Abstract
Galaxy surveys contain a wealth of information on the distribution of galaxies and dark matter in the Universe. Modern surveys yield large numbers of redshifts giving an unprecedented insight into the clustering of galaxies. The peculiar velocities of galaxies - motions caused by the local gravitational potential - allow the dark matter distribution to be inferred. This thesis deals with the statistical analysis of galaxy redshift and peculiar velocity surveys, concentrating on their exploitation for cosmological parameter estimation. The work is divided into two themes. Firstly predictions are made of the information content of galaxy surveys and the problem of optimising surveys’ designs to maximize this information is discussed. The second part is the development of a maximum likelihood method of constraining key parameters which deals most accurately with the spherical nature of modern wide-field surveys. Throughout the thesis, the 6 degree Field Galaxy Survey (6dFGS) is used to demonstrate the methods. Through application of the information theory to the 6dFGS, key predictions are made as to the strengths of the survey. The likelihood method is also developed with the intention that it be used in a future analysis of the 6dFGS.
In the information analysis section, the Fisher information matrix is introduced. It is used to obtain new analytical expressions for the cosmic variance of key cosmological parameters constrained from the galaxy power spectrum of any survey given its volume. A technique for survey optimisation is introduced, which defines a set of parameters to describe the geometry and selection criteria of a galaxy survey. Using reasonable assumptions about the dependency of a survey’s Limescale on these parameters, it is shown that the survey design may be optimized in the sense of maximizing its information content with respect to a cosmological parameter. The optimal design is calculated for the 6dFGS and predictions are made from the Fisher matrix, of the attainable uncertainties on future cosmological parameter predictions from the survey. Similar analysis is performed for the peculiar velocity survey.
To fully exploit the information content of redshifts and velocities it is necessary to perform a joint analysis of the two. This is particularly suitable for the 6dFGS since it incorporates a redshift and velocity survey which use similar selection critetia. The Fisher matrix for the two data sets of redshifts and velocities is derived. It is then used to predict the information content of the combined surveys, as well as the correlations between the parameters. It is found that the great advantage of combining redshifts and peculiar velocities is that the combination breaks the degeneracy between the redshift distortion parameter and the mass-galaxy correlation coefficient - allowing the simultaneous constraint of both.

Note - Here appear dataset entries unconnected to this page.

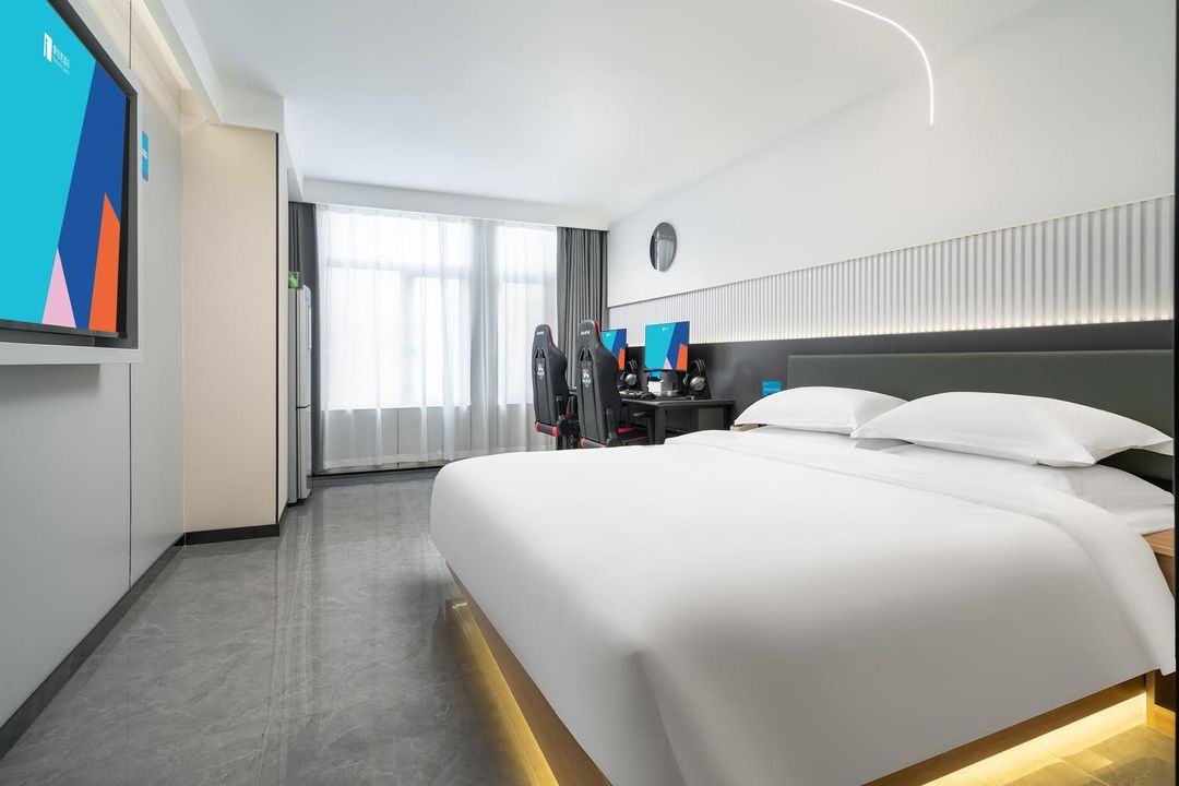 呢度係電競發燒友嘅天堂!位於獅子橋美食街,周邊小吃多、出行超方便,一落樓就搵到嘢食。酒店配有240Hz刷新率屏幕同RTX30/20系列顯卡,設備勁到爆燈,開黑暢玩無壓力。房間隔音好、設計有型,仲有24小時前臺同熱情服務,疫情防護都做足。無論係情侶約會定朋友聚會,呢度性價比高到癲,快啲約埋班隊友黎體驗啦!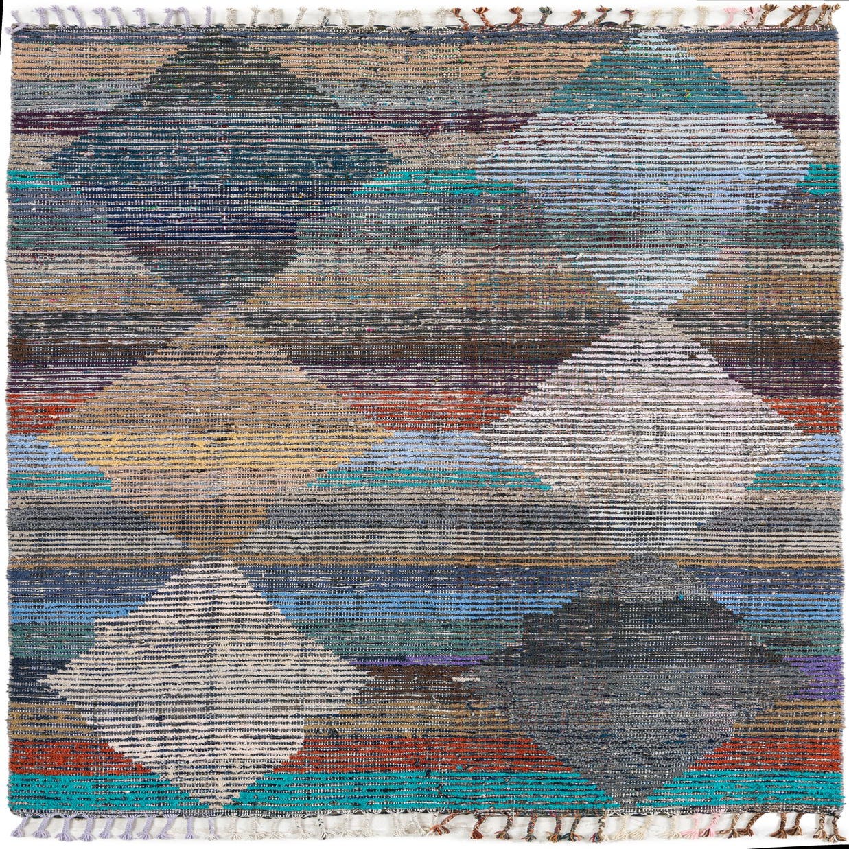 A 5x8 rectangular multi-colored tribal shag rug with a modern abstract pattern and tassels, suitable for a living room.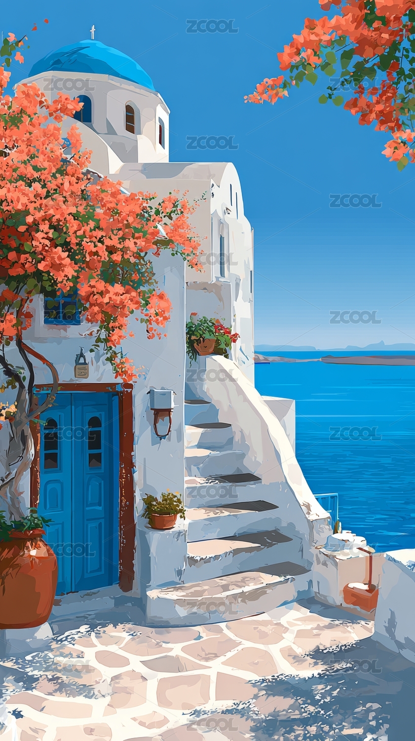 希腊圣托里尼海岛白色建筑和悬崖小镇风景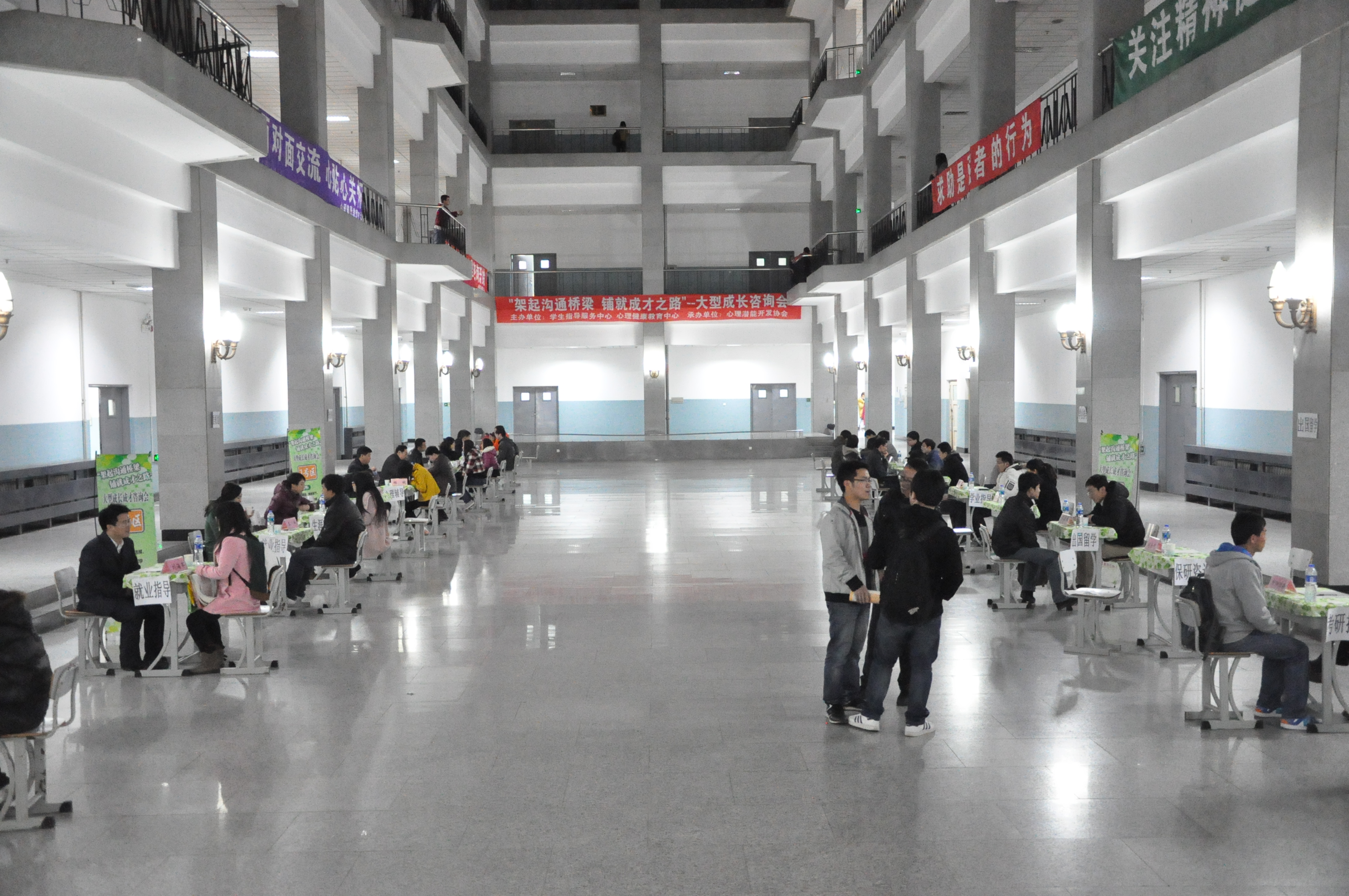 2012年3月25日晚,由学生指导服务中心心理健康教育中心主办、心理潜能开发协会承办的“架起沟通桥梁,铺就成才之路”大型成长成才咨询活动又一次在何世礼教学馆一楼大厅成功举办。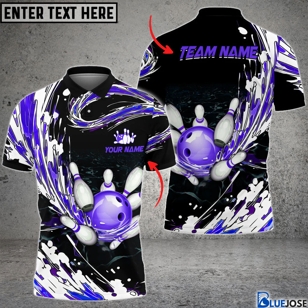 BlueJose Personalized Name Waves Bowling And Pins Multicolor 3D Shirt (4 Colors), Personalized Shirts For Bowling Players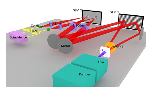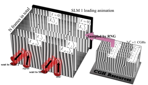光的轨道角动量自由度由于其天然的高维属性,自发现起就被广泛应用于各类高维系统的构建中。在实验中通过光的参量下转换过程产生了轨道角动量光的最大纠缠态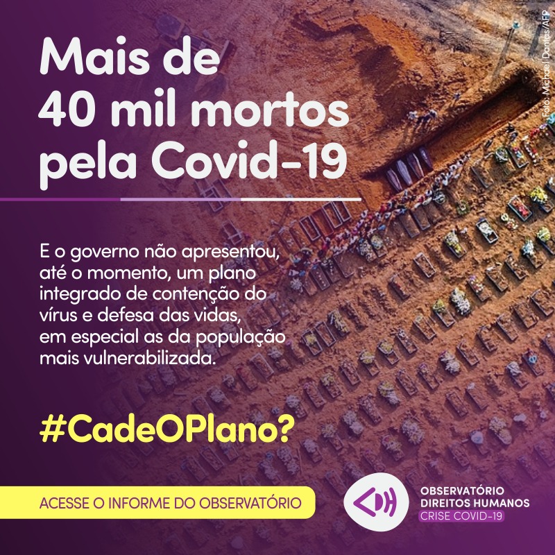 O Observatório dos Direitos Humanos na Crise da Covid-19 é uma ação de um conjunto de organizações sociais e movimentos populares, de um espectro diverso dos direitos humanos, para monitorar, formular e sistematizar informações relativas aos direitos humanos no contexto da pandemia de coronavírus.
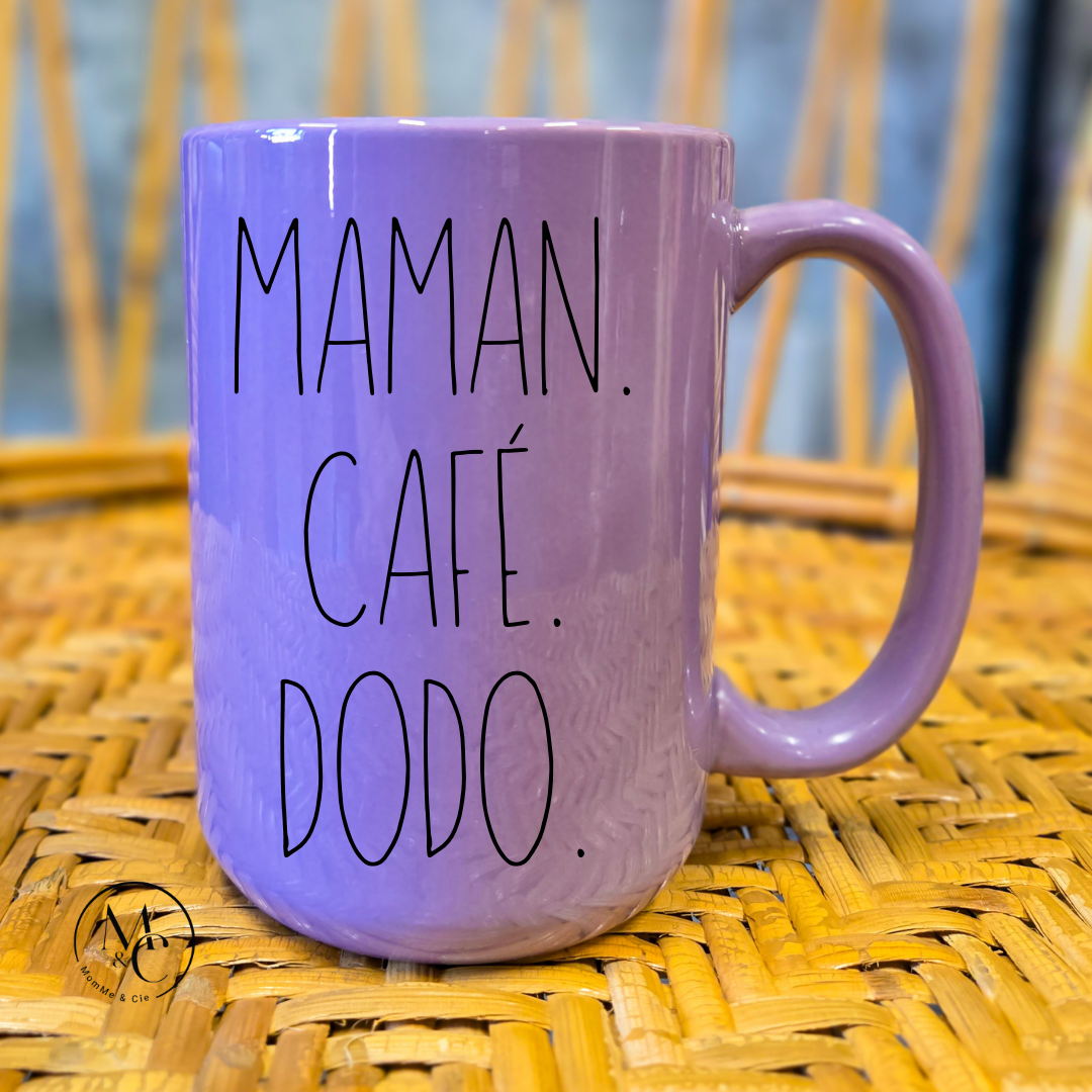 Tasse en céramique 15 oz - couleurs variées - Maman. Café. Dodo.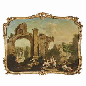 Artista del secolo XVIII CAPRICCIO CON FIGURE olio su tela sagomata, cm 106,5x141 Entro cornice in legno intagliato [..]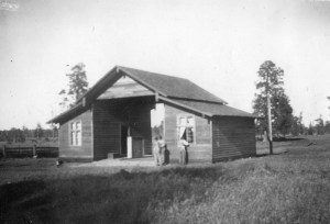 Caseta de pesaje, o romana para vehículos, en la antigua Fábrica de Lino de la Sociedad de Lino de La Unión en Purranque. La fábrica se construyó en el año 1934, llegando a tener 80 operarios que laboraban en la producción de estopa y fibra de lino para la fabricación de finas telas. La industria dejó de funcionar en los años 70.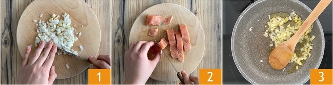 Pour préparer les tagliolini au saumon, commencez par mettre une casserole d'eau sur le feu pour cuire les pâtes, et salez à ébullition. Nettoyez et hachez finement l'oignon nouveau 1. Retirez la peau du filet de saumon, enlevez les arêtes avec une pince de cuisine et coupez-le en dés 2. Faites revenir l'oignon dans une poêle avec un filet d'huile et laissez-le dorer 3.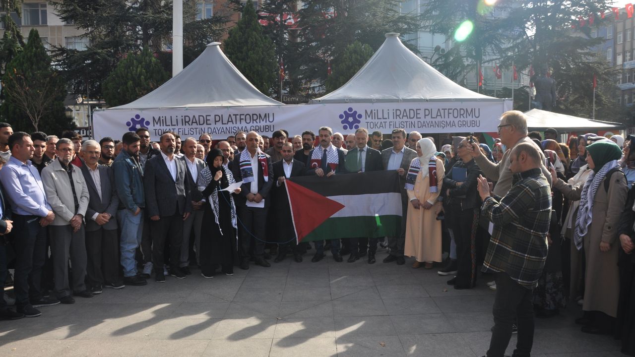 İsrail, Filistin’e yönelik yaptığı saldırılar devam ederken Tokat’ta ki STK’lar bir araya gelerek Milli İrade Platformu çatısı altında Tokat Filistin Dayanışma Grubunu kurdu. Cumhuriyet Meydanı’nda kurulan stantta bir araya geldi. Basın açıklaması yapıldığı programa Belediye Başkanı Eyüp Eroğlu, İl Müftüsü Esat Yapıcı, Ak Parti, MHP, Yeniden Refah Partisi, Saadet Partisi ve HÜDA Partisi temsilcileri, STK ve ilimizde okuyan Filistinli öğrenciler katıldı.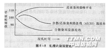 滌/棉織物熱熔染色浸軋時需要注意的問題有: 浸軋染液的方式為一浸一軋即可,這樣能保證染浴比較新鮮而且容易控制。如用二浸二軋,優(yōu)點是染液滲透較好。 軋槽的液量要少,新舊交換快,并可減少染料沉降。軋液溫度以室溫為宜。溫度偏高時,一部分分散染料會發(fā)生凝聚現(xiàn)象,如分散藍GR真。開車后軋槽內(nèi)染浴要發(fā)生變化,如圖5—5所示。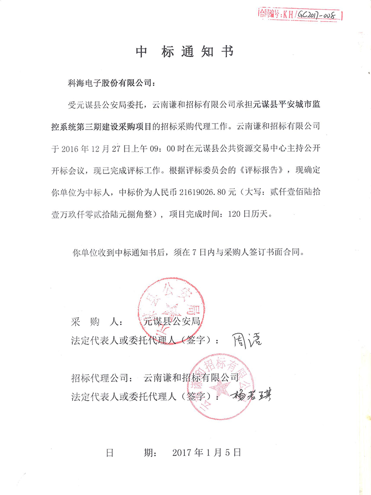 正值寒冬季節(jié),美麗的昆明依然陽光普照、溫暖如春,我公司也如同這燦爛的天氣一般,在年末收官之際頻獲喜訊??坪k娮庸煞萦邢薰驹俅螒{借著雄厚的技術(shù)力量和良好的信譽于2016年12月28日順利中標(biāo)“元謀縣平安城市控系統(tǒng)第三期建設(shè)采購項目”,中標(biāo)金額:21619026.80元。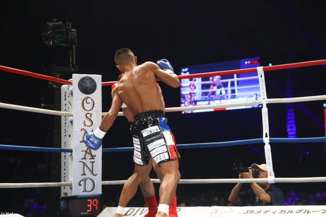 1R、江川は左インロー、前蹴りと前に出ていく。ジャオスアヤイは跳び顔面前蹴り。江川はしかしこれをブロックし、左右のボディフックで動きを止め、右ローから右フックにつなげるとジャオスアヤイは顔をしかめてダウン。立ち上がったジャオスアヤイだが、すでにダメージが深く、江川は右ローから右・左フック・左ボディフックと放ってジャオスアヤイを沈め、優勝を決めた。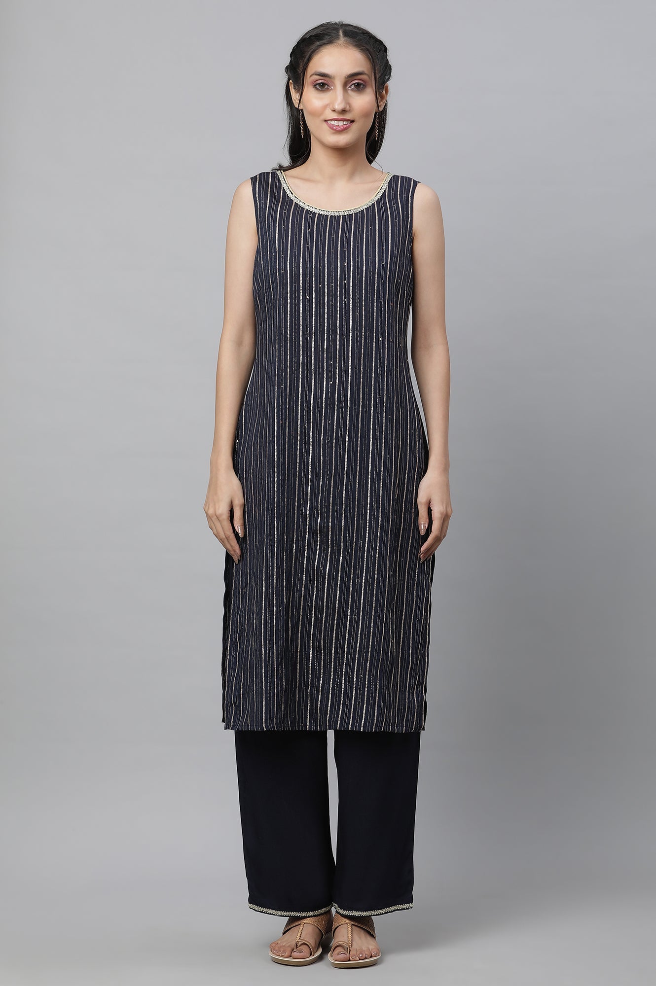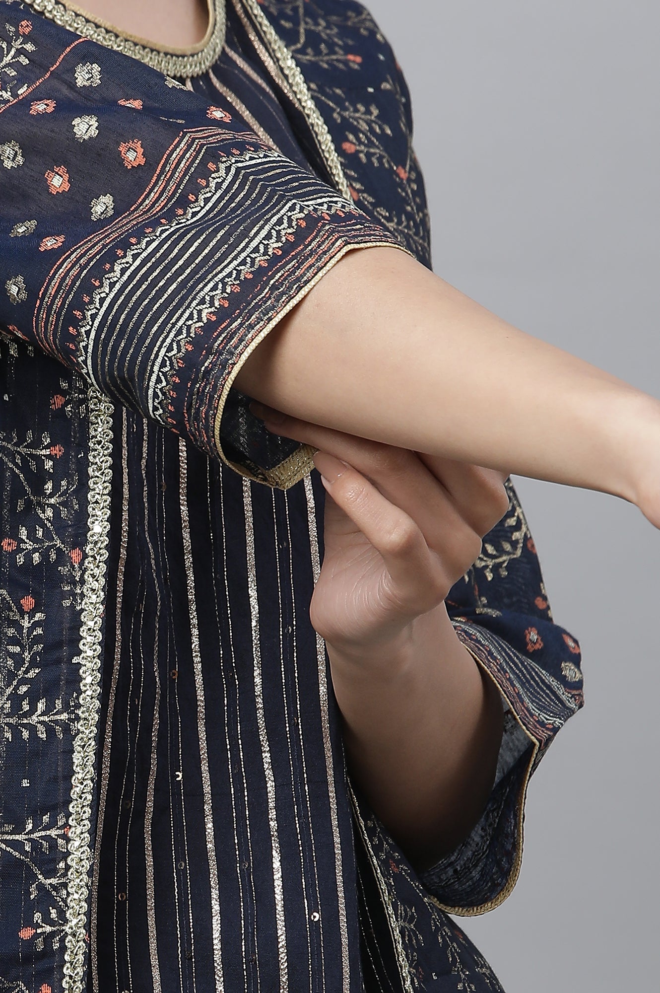 Blue Gilet, Kurta and Narrow Palazzo Festive Set

The second part of the work develops a method of constraining these two parameters. Redshift space distortions are best dealt with by expanding the galaxy distribution of a survey in spherical Bessel functions and spherical harmonics. This separation of angular and radial distributions is also convenient analytically as a way of separating out the window function from the radial selection function. Models are constructed of the combined covariance matrix of the redshift—velocity data set. The models accurately describe the effects of redshift space distortions and stochastic galaxy biassing. to linear order. Software developed to perform this analysis is then tested on a suite of simulations of the 6dFGS.
Finally attention is paid to the problem of optimal data compression. In a real survey with a complicated survey mask, the final covariance matrix can be unfeasibly large to invert at different points in parameter space. The best way of performing this compression is shown to be Generalised Optimal Mode Analysis (GOMA) which optimally compresses the data set in a way that retains the most information on a specific parameter. The results of the maximum likelihood method applied to a compressed data set from the 6dFGS simulations are shown. The results are a good reflection of what will be possible when the survey reaches completion in mid-2005.